To the surprise of everyone except Mr Maybee, the large pieces of furniture went cheap, and the trinkets went dear. A large and ugly oak dining table, with ten chairs and a hideous sideboard, went for forty-five dollars; a tea-wagon brought forty-two. A couple of lustre jugs, which Valentine could not remember seeing before, fetched the astonishing sum of thirty-six dollars for the pair. The silver sold well, for though it was ugly, it was sterling. A mantel clock, presented to Dr Savage thirty years before by the Waverley Philosophical Society, brought a staggering initial bid of fifty dollars, and went at last for eighty, though it had never been known to keep time. A kitchen clock, which Mr Maybee waggishly announced would keep either Standard or Daylight Saving Time, was sold to an Indian from a nearby reservation for six dollars, which was four dollars more than it was worth. A bundle of walking-sticks was sold to a sentimentalist who had learned a little elementary philosophy from the Doctor many years before, for five dollars.

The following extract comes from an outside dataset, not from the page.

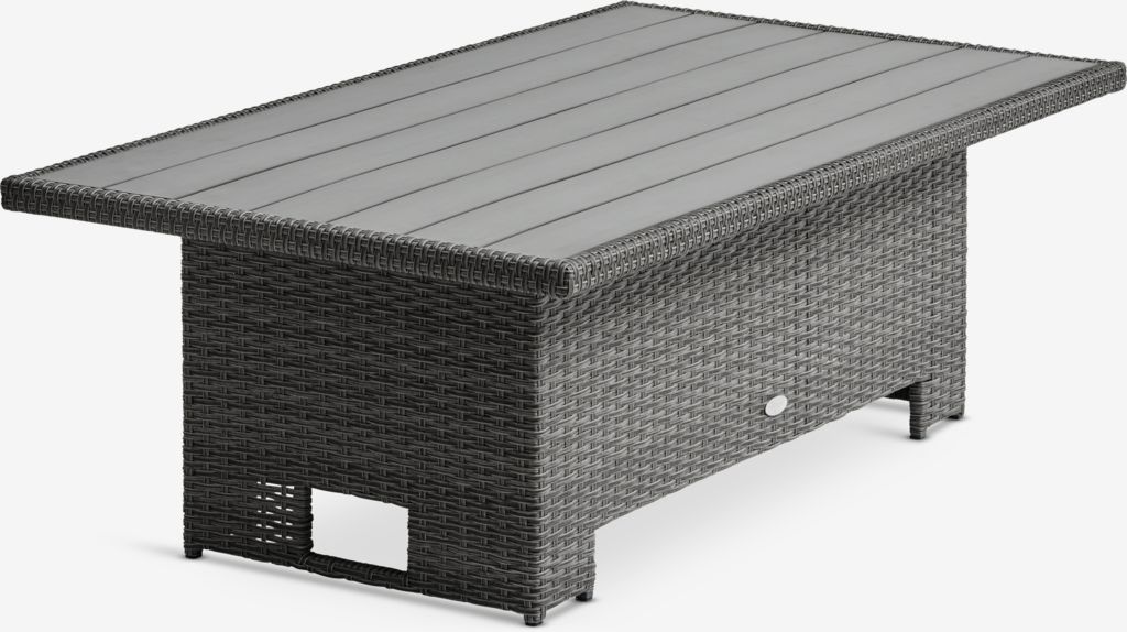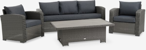 Snygg loungegrupp med praktiskt höj/sänkbart bord så man lätt kan ha det som matgrupp. Lätt att montera

A Bechstein piano which had belonged to Valentine’s grandmother was bid for briskly after Mr Maybee had played a spirited polka on it, and brought three hundred dollars. A teak workbox, described by Mr Maybee as the life’s work of a life prisoner in the nearby penitentiary, brought a beggarly four dollars, which the auctioneer mentally estimated to be about ten cents for every pound of its weight.